By Benjamin Adekunle Ojo.
Ford GoBike was a bike-sharing system that covered the greater San Francisco Bay area from 2017 to 2019. This dataset has information on trips taken on 2019.
The dataset was provided by Ford Gobike System and it contains activities of customers who made use of Ford GoBike System from 2017 to 2019. The following are features contain in the Dataset:
-
bike_id
: Unique string for every bike owed by Ford GoBike. -
duration_sec
: The duration in seconds for each trip. -
start_time
: The time a user started his or her trip. -
end_time
: The time a user ended his or her trip. -
start_station_id
: A unique string for each starting station maintained by ford GoBike. -
start_station_name
: Starting Station name. -
start_station_latitude
: Starting station latitude Location of station. -
start_station_longitude
: Starting longitude location of station. -
end_station_id
: A unique string for each ending station maintained by ford GoBike. -
end_station_name
: End station name. -
end_station_latitude
: End station latitude Location of station. -
end_station_longitude
: End station longitude location of station. -
user_type
: Is the user a customer or subscriber. -
member_birth_year
: Year user created or use a ford Goford account. -
member_gender
: Is the user a Male or Famale. -
bike_share_for_all_trip
: This is a discounted memberships for low-income riders.
The main objective of the project was to exam the data using explorative and explanator visualizations. My main features i'm interest in is the trip duration feature, this provide the lenth of time a user used a gobike bike, and i would be examing features that influence the behavour or duration of this services.
During the course of our analysis we performed 3 tyep of visualization univariate, bivariate, and multivariate visualization. The following are insight got from this visualization.
Univariate Graph Findings
- We plotted the top 10 most used staring and ending station, we found out that 15 to 17 percent of trip activities are from only 3% of the stations.
- The trip duraion histogram showed us that most of the trip were between 5 to 15 minutes.
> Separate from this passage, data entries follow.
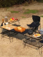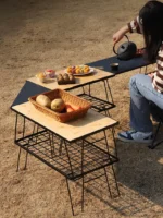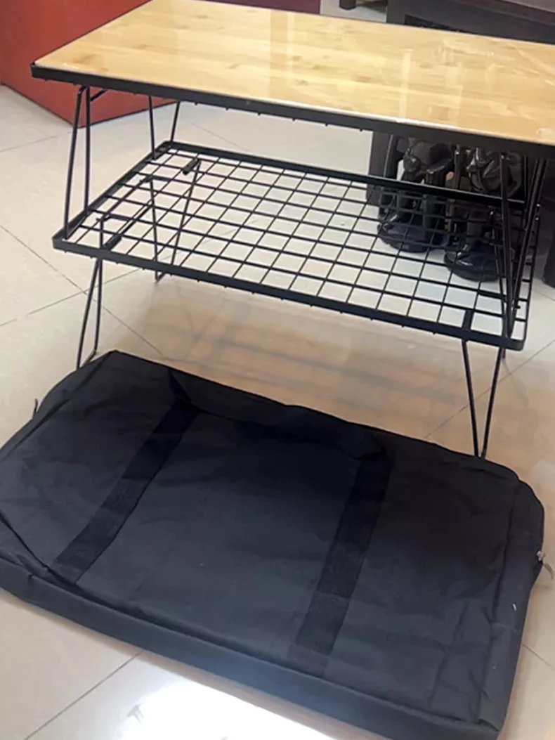 Be the first to review “Steel Mesh Camping Rack Table Foldable Portable Stacking Storage Rack Wood Picnic Camping Table”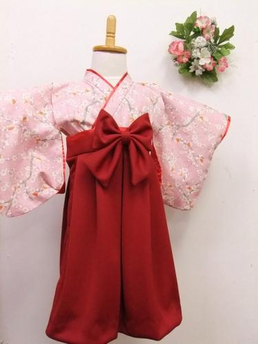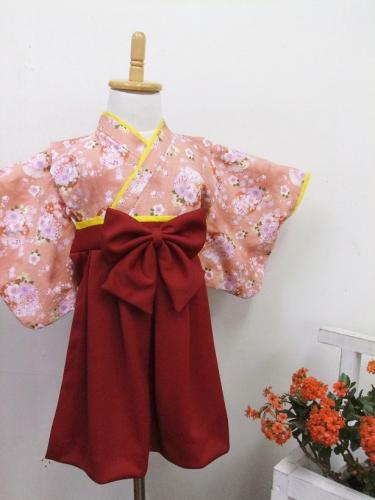 A.Y様 ご注文品(着物風カバーオール)≪梅柄(ピンク)×エンジ≫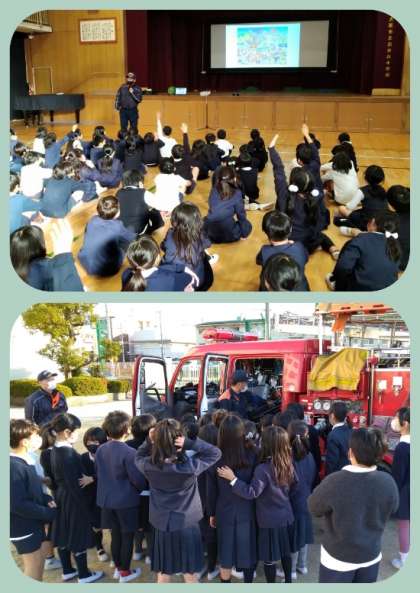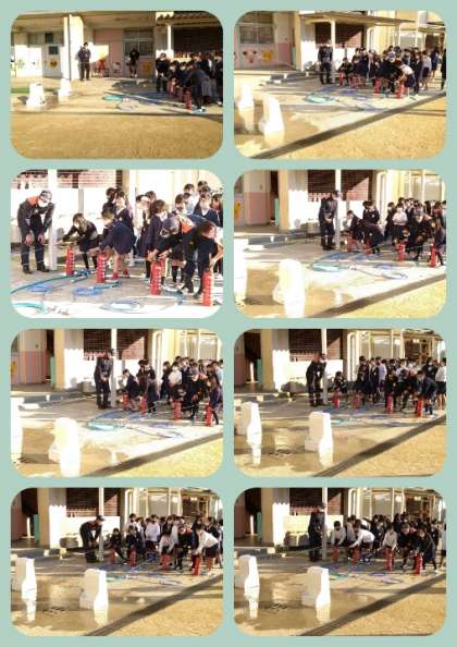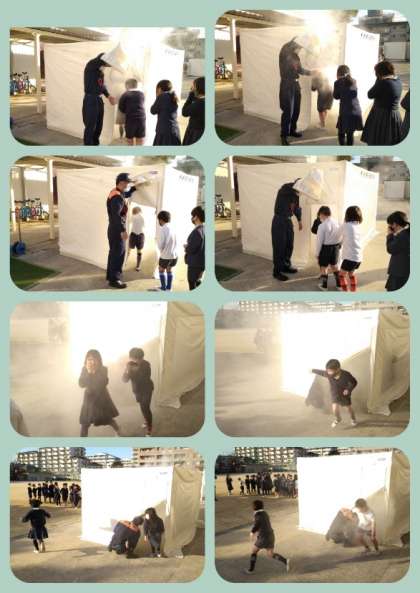 住吉消防署の方に来ていただいて、防災教室を行いました。初めに講堂で、消防署の仕事についてスライドを見ながらお話を聞きました。その後運動場で、煙テントの体験と消火器の体験をしました。煙テントでは、全然前が見えなくて少し怖い感じもしていましたが、背を低くして通り抜けることができていました。消火器は水消火器を使いましたが、消火器の使い方を知ることができました。今日の防災教室では、教科書で習ったことを実際に体験出来てとても良かったと思います。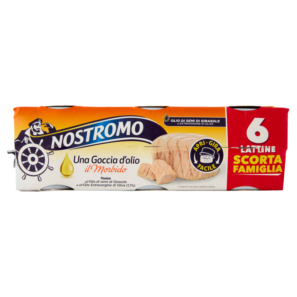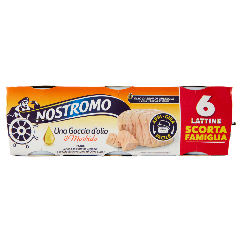 Nostromo Una Goccia d'olio il Morbido Tonno all'Olio di Semi di Girasole e Extravergine 6 x 65 g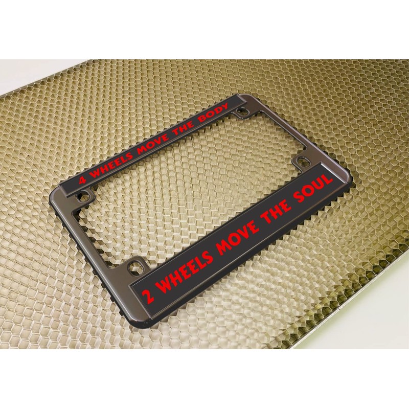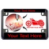 Motorcycle Personalized Metal (Zinc) Laser Engraved Standard Size License Plate Frame with Custom Text Design - Gunmetal Finish - Black/Red Text

- At the begininge of our exploration we performed some feature egineering on our starting time, of this we exacted the hour a trip started and ended. from the extraction we plotted a histogram and found out that most of users use our service around 8am in morning and 5pm in the evening,
- Also we exacted the day of the week in which each trip was held and found out that most of our trip were on Thursdays, followed by Tuesday, with monday coming last for work days, Saturdays and Sundays had the least activities of the 7 days.
Bivariate Graph Findings
- Plotting a scatter plot of age and trip duration shows a negative relationship between trip duration and age, implying that the older a user is the less time usering our service.
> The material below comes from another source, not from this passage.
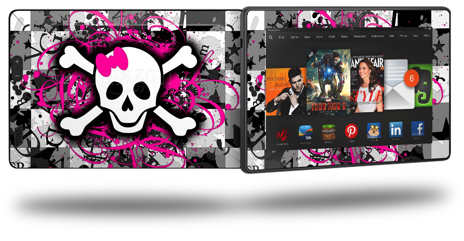 Splatter Girly Skull - Decal Style Skin fits 2013 Amazon Kindle Fire HD 7 inch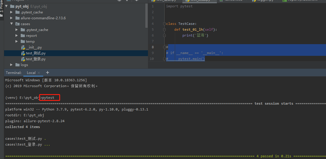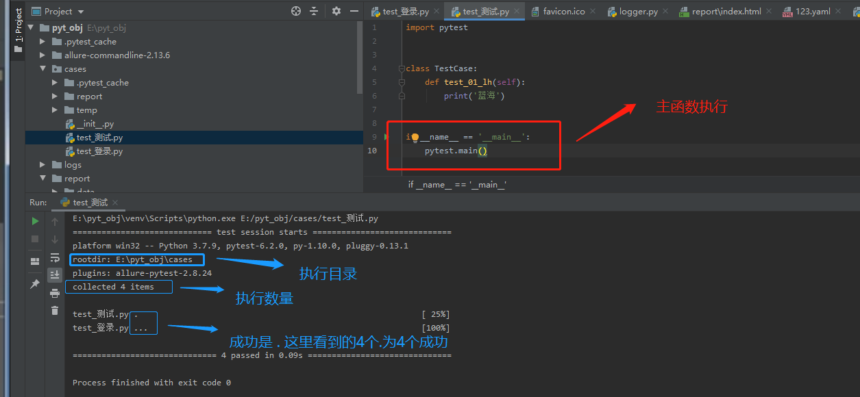 3.可以指定目录执行 pytest.main(['vs', ' 模块名 '])

- Using a heatmap i was able to observe the relationship between age and starting hours, and this informed us that individuals within the age of 20 to 40 were use our servise in the monring around 8 and in the evening around 5.
- Plotting a box plot using the relationship between the trip duration and user type showed us that casual customers have higher trip duration than subscribers.
- I use a violin plot to understand the relationship between the trip duration and gender, this showed on that on average other gender type have a more distributed duration time than the other genders.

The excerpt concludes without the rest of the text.